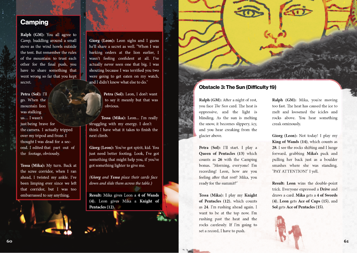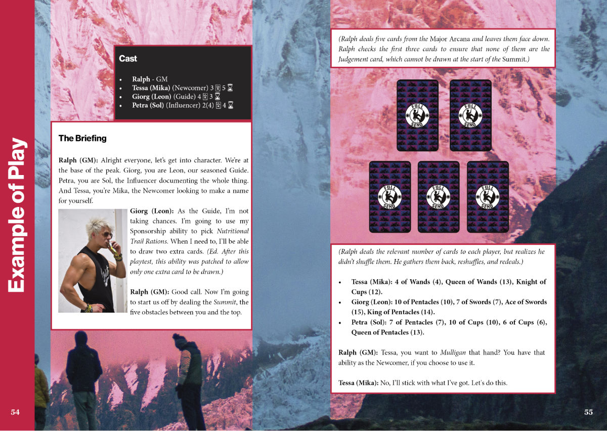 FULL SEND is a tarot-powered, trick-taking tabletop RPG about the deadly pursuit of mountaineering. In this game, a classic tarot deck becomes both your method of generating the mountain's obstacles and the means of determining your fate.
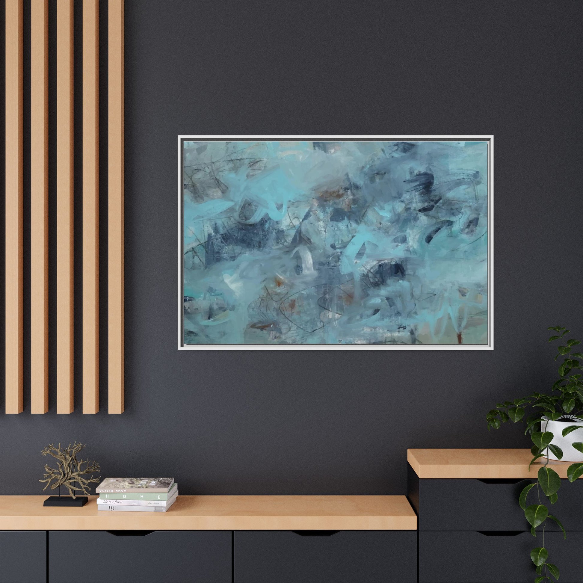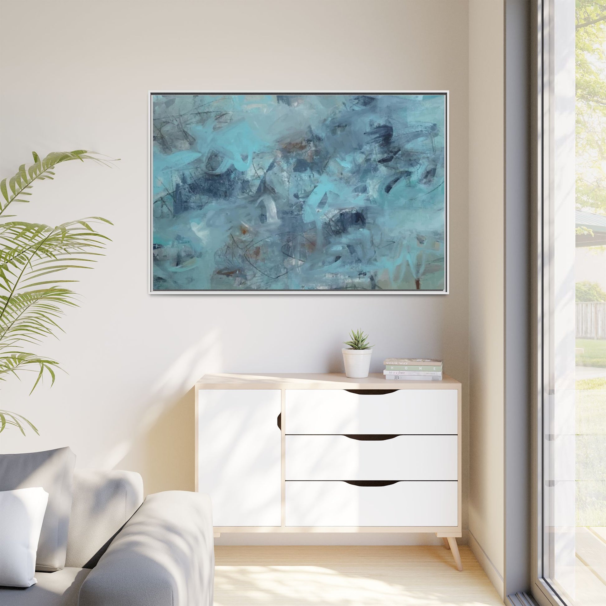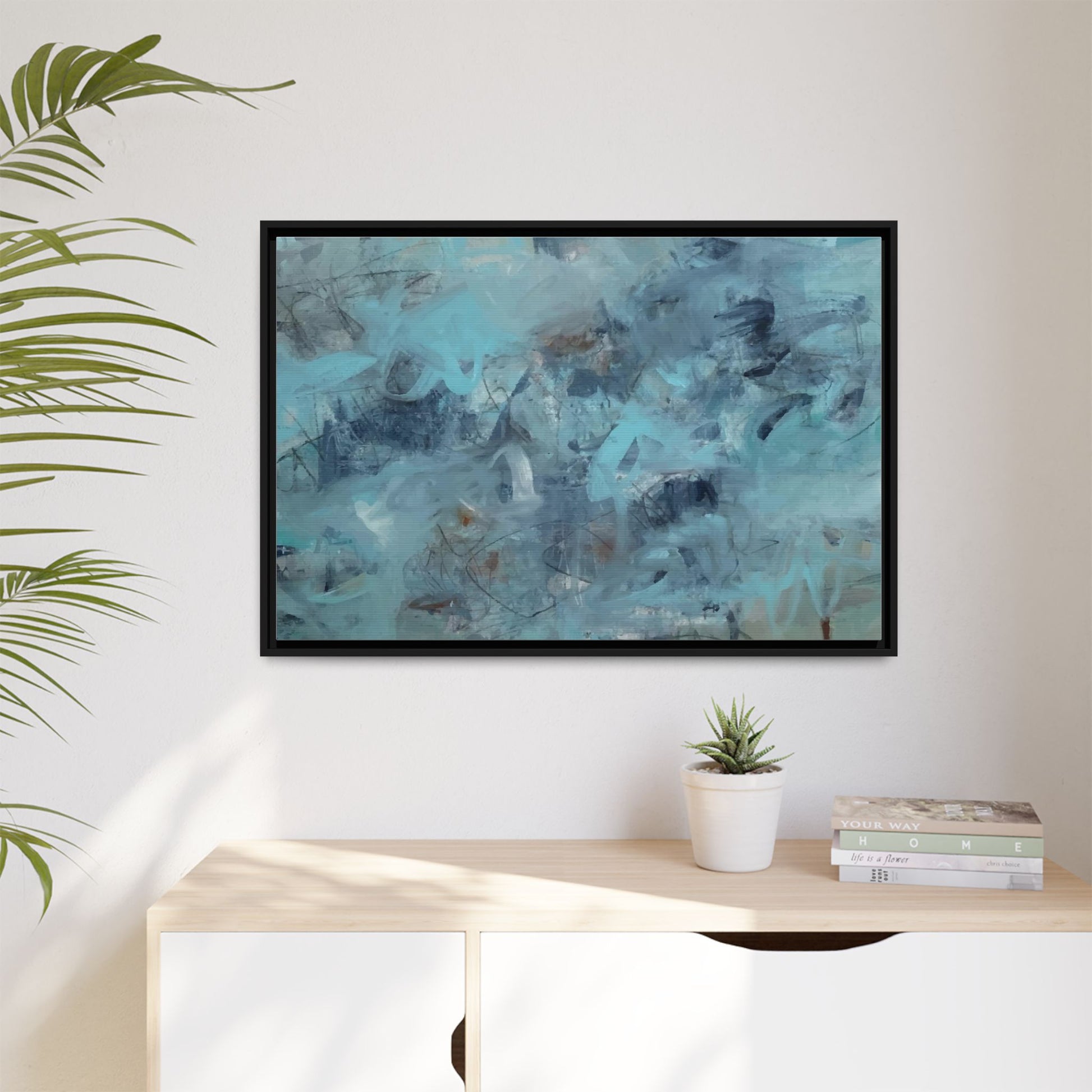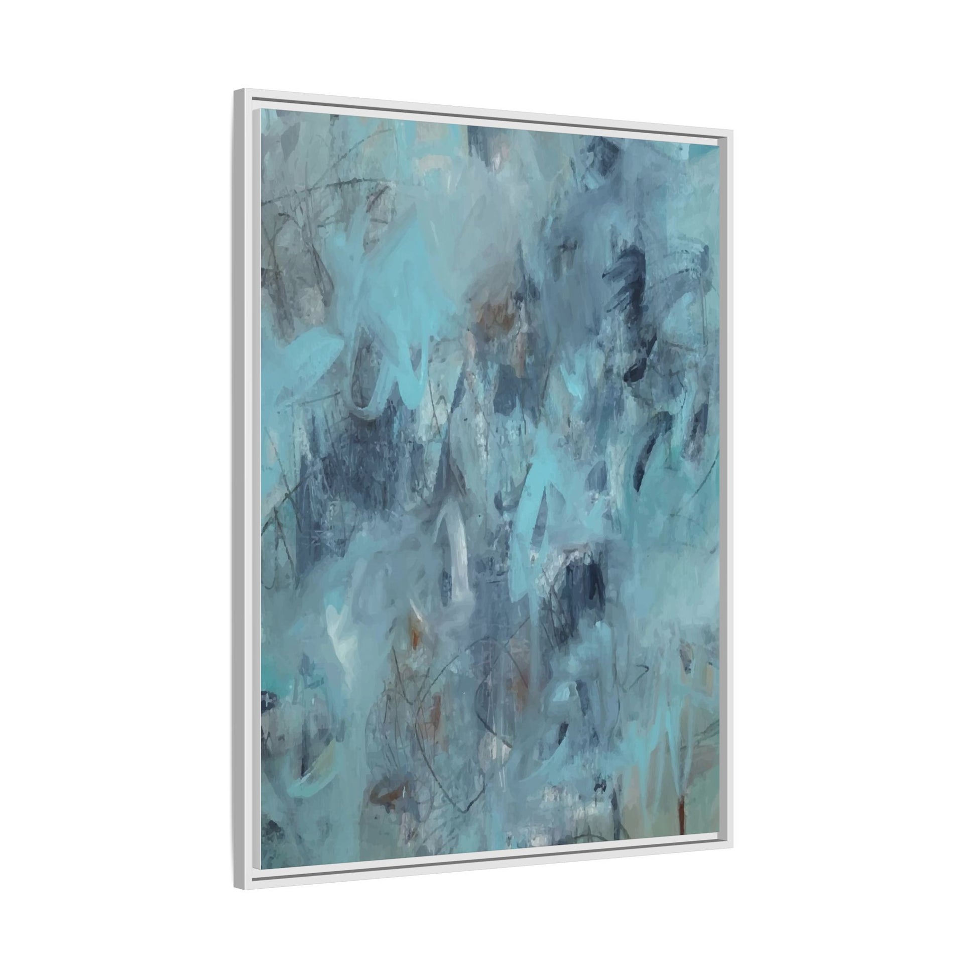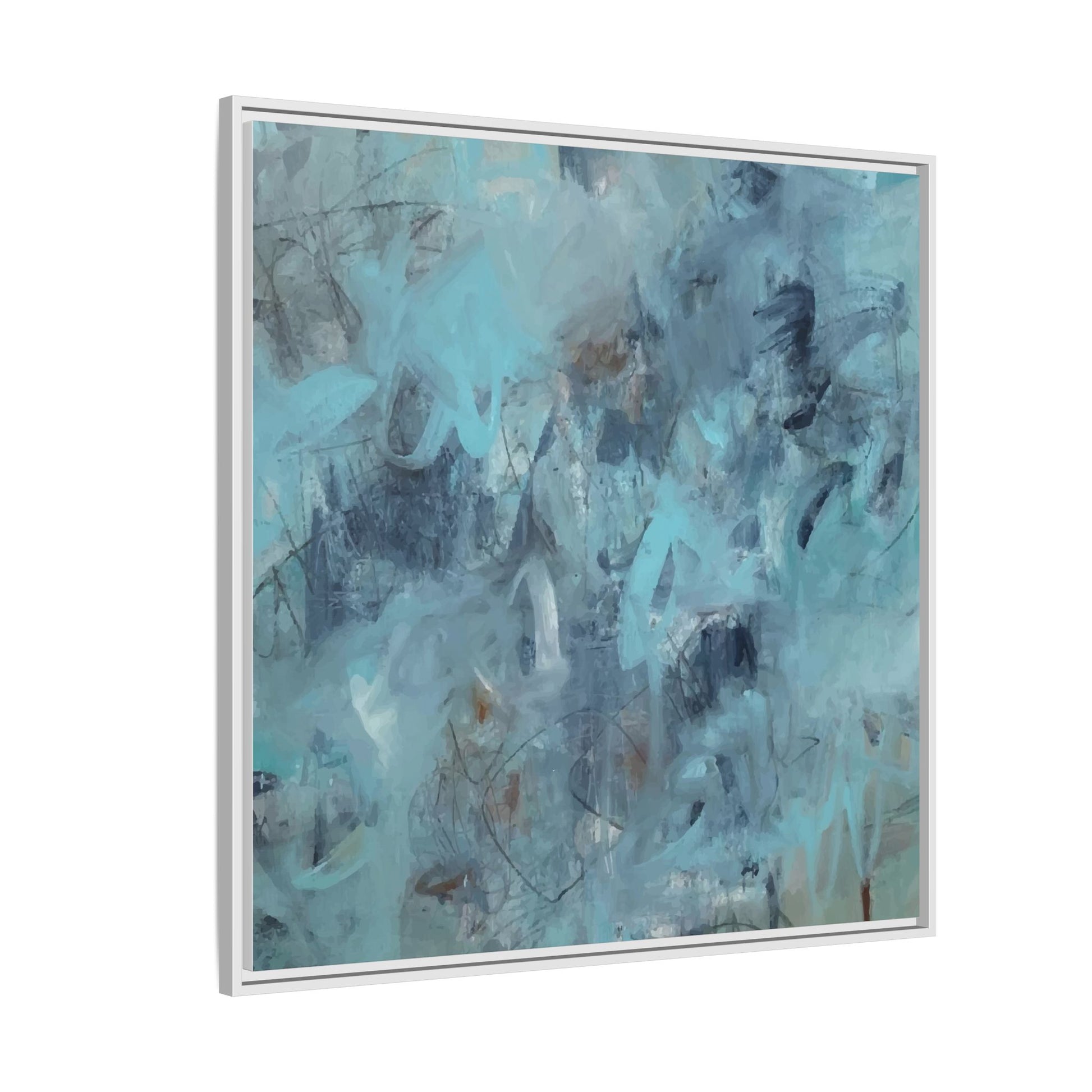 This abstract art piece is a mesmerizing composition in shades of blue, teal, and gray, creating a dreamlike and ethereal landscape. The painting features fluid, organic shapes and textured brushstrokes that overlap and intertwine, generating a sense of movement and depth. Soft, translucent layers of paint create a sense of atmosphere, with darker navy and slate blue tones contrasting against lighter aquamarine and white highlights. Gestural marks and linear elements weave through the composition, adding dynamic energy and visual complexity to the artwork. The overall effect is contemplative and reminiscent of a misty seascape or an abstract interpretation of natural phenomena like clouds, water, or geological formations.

--

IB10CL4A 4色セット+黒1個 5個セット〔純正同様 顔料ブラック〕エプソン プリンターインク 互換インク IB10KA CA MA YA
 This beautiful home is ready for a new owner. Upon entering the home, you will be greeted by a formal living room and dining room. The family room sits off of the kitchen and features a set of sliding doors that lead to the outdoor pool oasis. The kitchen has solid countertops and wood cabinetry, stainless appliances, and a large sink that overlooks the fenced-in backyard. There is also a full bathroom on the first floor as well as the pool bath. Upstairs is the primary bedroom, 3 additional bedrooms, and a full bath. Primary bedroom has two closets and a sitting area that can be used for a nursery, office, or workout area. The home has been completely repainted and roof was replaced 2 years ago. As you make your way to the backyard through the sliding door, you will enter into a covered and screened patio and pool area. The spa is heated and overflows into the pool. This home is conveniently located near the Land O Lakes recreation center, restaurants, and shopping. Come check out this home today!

__What the exercise asks__
Range to copy from the listing above: the line with "FULL SEND is" through the line with "This abstract art". Transcribe it exactly and skip the pictures.

__Your response__
 FULL SEND is a tarot-powered, trick-taking tabletop RPG about the deadly pursuit of mountaineering. In this game, a classic tarot deck becomes both your method of generating the mountain's obstacles and the means of determining your fate.
 This abstract art piece is a mesmerizing composition in shades of blue, teal, and gray, creating a dreamlike and ethereal landscape. The painting features fluid, organic shapes and textured brushstrokes that overlap and intertwine, generating a sense of movement and depth. Soft, translucent layers of paint create a sense of atmosphere, with darker navy and slate blue tones contrasting against lighter aquamarine and white highlights. Gestural marks and linear elements weave through the composition, adding dynamic energy and visual complexity to the artwork. The overall effect is contemplative and reminiscent of a misty seascape or an abstract interpretation of natural phenomena like clouds, water, or geological formations.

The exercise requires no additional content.